— Не без того, — ухмыльнулся бандит. — Юколу-то совсем подъели?
— Есть ещё, — ответил Кирилл с полным ртом. — Как раз хватит, чтоб до травы копыта не откинуть.
— Оно и видно, — кивнул Кузьма. — Сколь соболей-та взяли?
— Одиннадцать сороков и шестнадцать, — ответил Кирилл. Хранить коммерческую тайну он не видел ни малейшего смысла. — А меня оговорили, будто еду ворую. Мешок с рыбой из-под моих нар достали. У меня и мешка-то никогда своего не было.
— Угу, — без малейшего удивления или сочувствия кивнул Кузьма. — А чо били мало?
— Совсем не били, — ответил Кирилл. — Вырвался я, по мордасам им надавал и ушёл. А вот Гаврилу отделали как следует — живого места не оставили.
— Гаврилу? М-да-а... А он чо украл?
— Двух соболей припрятал, а чунишник заметил и выдал. С ним всё ясно, а меня-то зачем оговорили? Что я им плохого сделал? Не ссорился вроде ни с кем...
— Хе-хе-хе! — мелко засмеялся Мефодий.
— Гы-гы-гы! — поддержал его Кузьма. — А ты не воруй, паря, гы-гы-гы!

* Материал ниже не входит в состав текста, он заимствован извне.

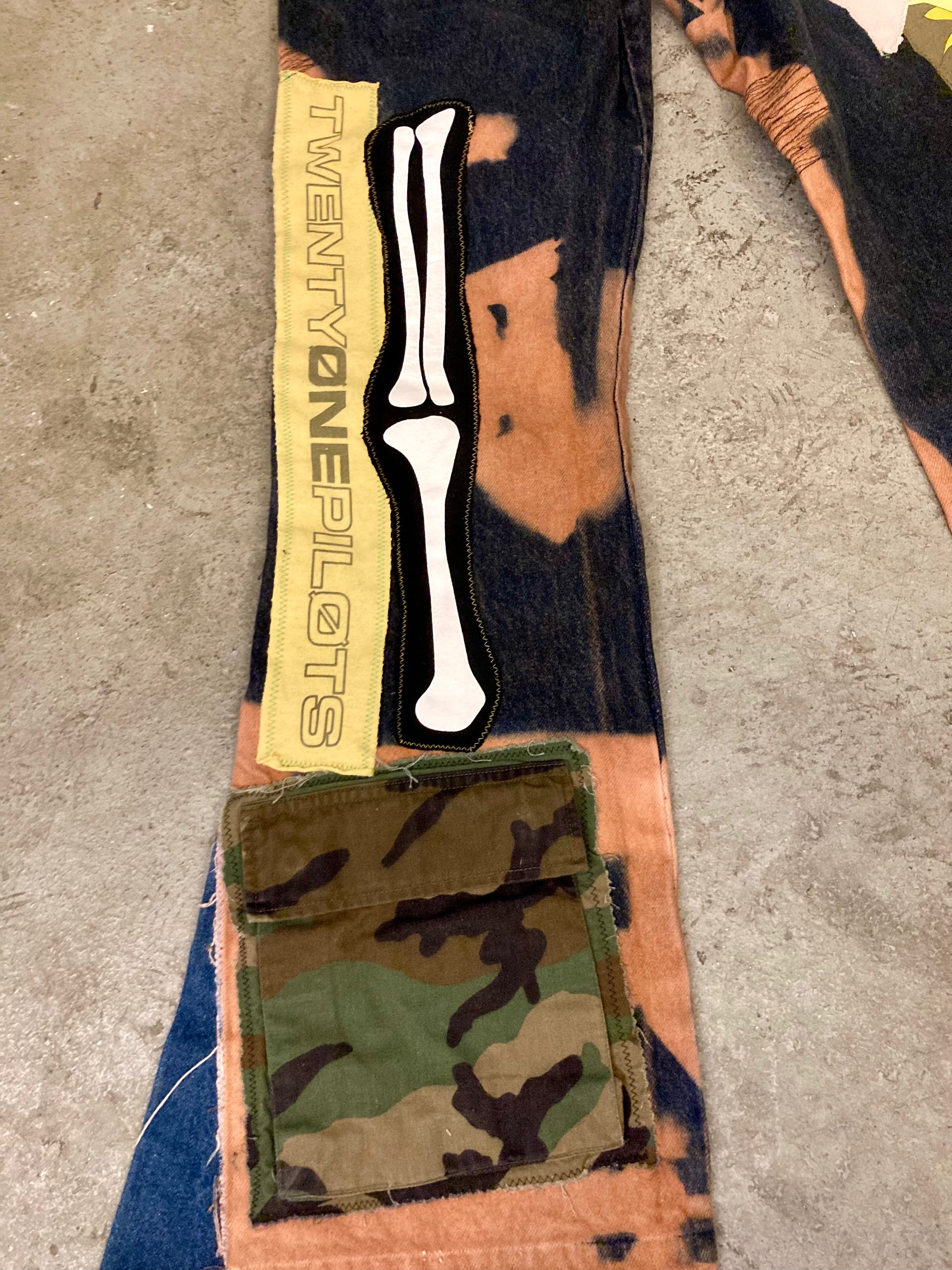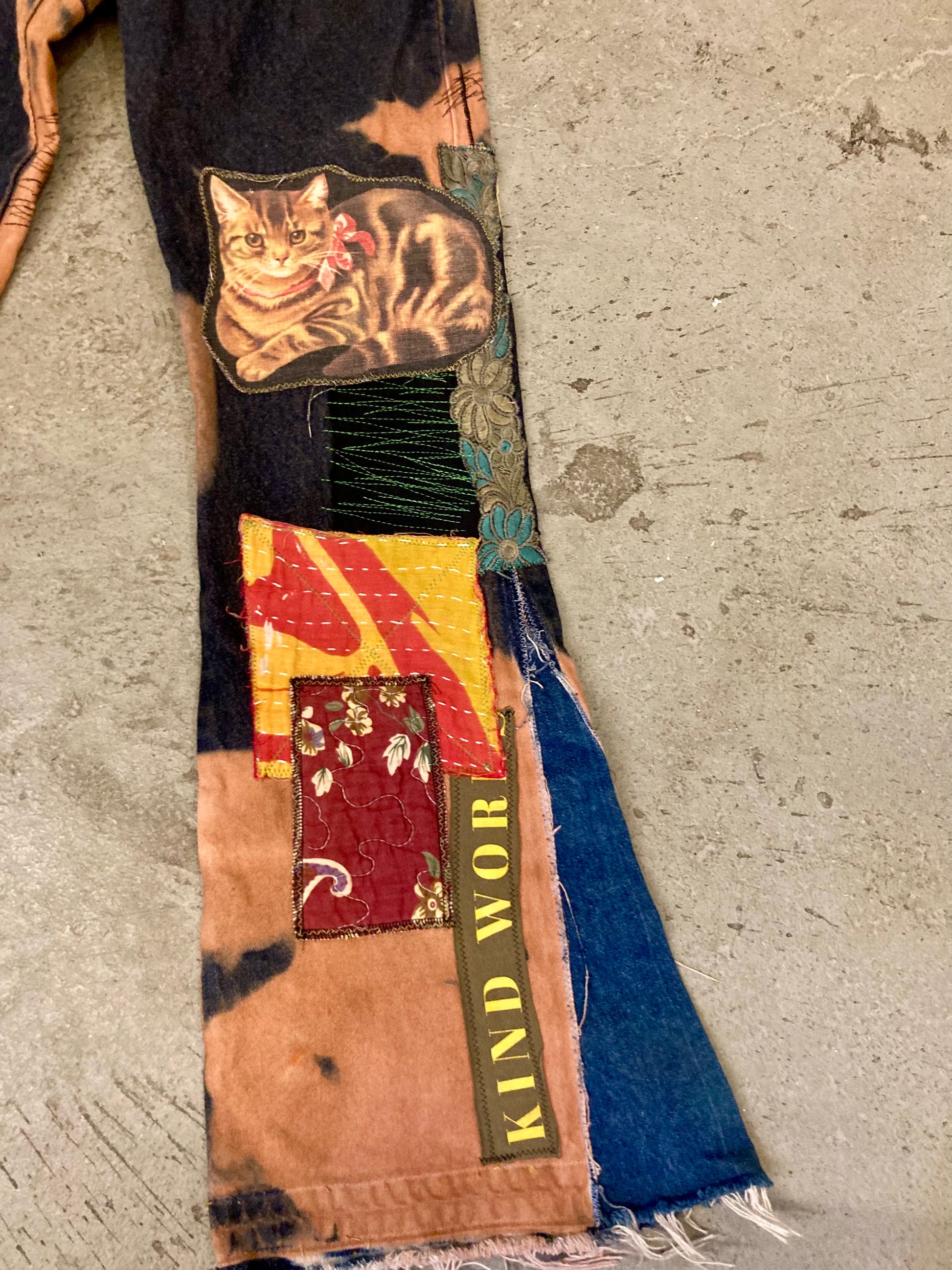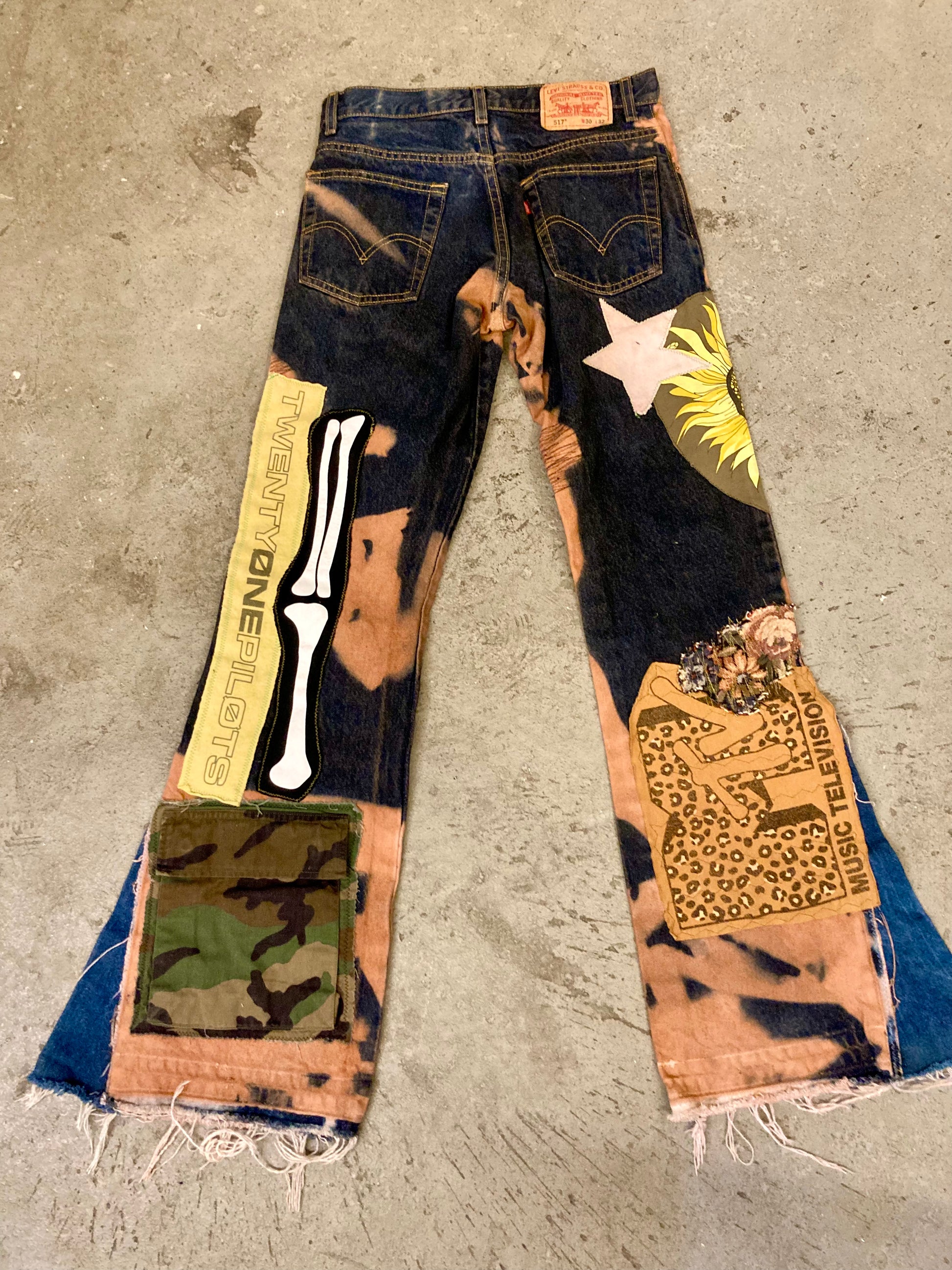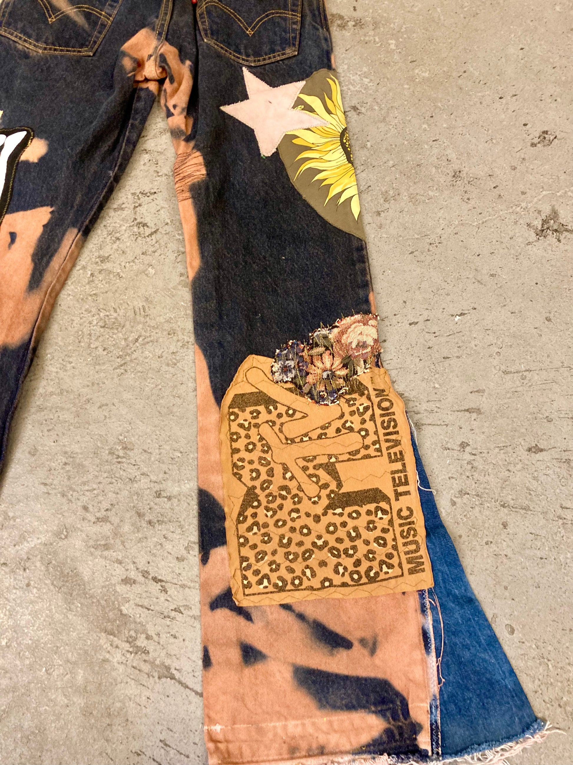 Custom tie dye effect, various patches, additional flared insert. One of One
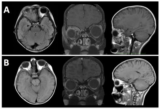 A 6-year-old boy was treated with orbital Ewing’s sarcoma suspicion. (A) Pre-operative MRI shows an extraconal lesion extended medially until ethmoidal cells. (B) Post-operative MRI confirms the removal of tumoral tissue.
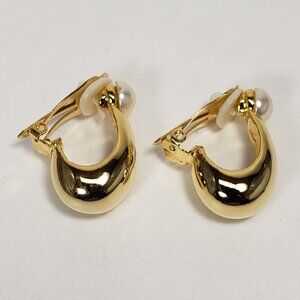 Classic meets comfort with these polished gold-tone hoops clip-on earrings – a must-have for elevating any outfit without the need for pierced ears. These sleek and stylish hoops offer a timeless silhouette with a glossy gold finish that pairs effortlessly with everything from casual looks to evening wear. NWOT
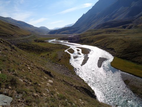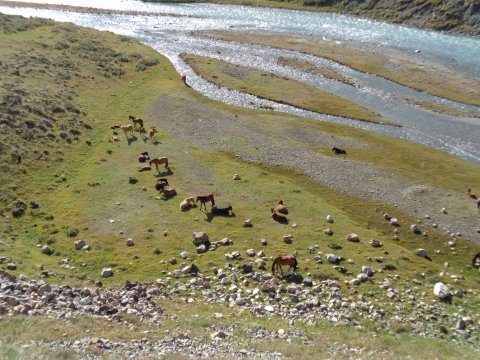 Nedkørslen fra passets sydside var hurtigt overstået, for Arabeldalens bund, hvor floden Jyluu-Suu løber, ligger højt. De næste 3-4 dage fulgte jeg floden på dens løb mod vest. Undervejs støder den til floden Naryn, en af Centralasiens største floder.
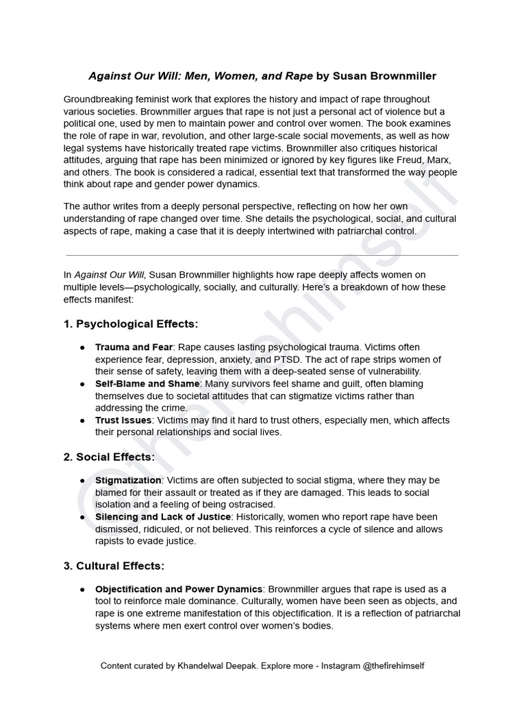 Concised Content For Against Our Will - Men, Women, and Rape by Susan ...

— Что ржёте?! — слабо возмутился учёный. — Ничего я не брал!
— Ну и дурак! — сквозь смех проговорил Мефодий. — А дураков — бьют!
— Да уж, — отёр слезящиеся глаза Кузьма. — Распотешил — уф! Ладно... Чо там, Мефа, мясо не поспело ишшо? Этому тоже дай!
— Не обдрищется с голодухи-та?
— Могет, конешно, да снегу тут хватит.
Дальнейший разговор шёл с паузами — служилые трапезничали. Куски мякоти они срезали ножами и жевали, а то, что оставалось, бросали мавчувену, сидевшему в стороне.
— Ты, паря, аки дитя малое, — вещал Кузьма. — Глянешь — мужик мужиком, а послушаешь — и смех и грех.
— И откель ты такой взялся? — поддакнул Мефодий.
— Ты што ж, — продолжил бывший кат, — мнишь, будто невинен, а Гаврилка грешен, да? А того не разумеешь, что оне-та все икутские, а Гаврилка-та местный — с Айдарского, значить, острогу. Его и в артель-то зазвали, чтоб, значить, места соболиные показал. Оне-та друг дружке свои все, а энтот — чужой. Ты ж и вовсе с бока припёка!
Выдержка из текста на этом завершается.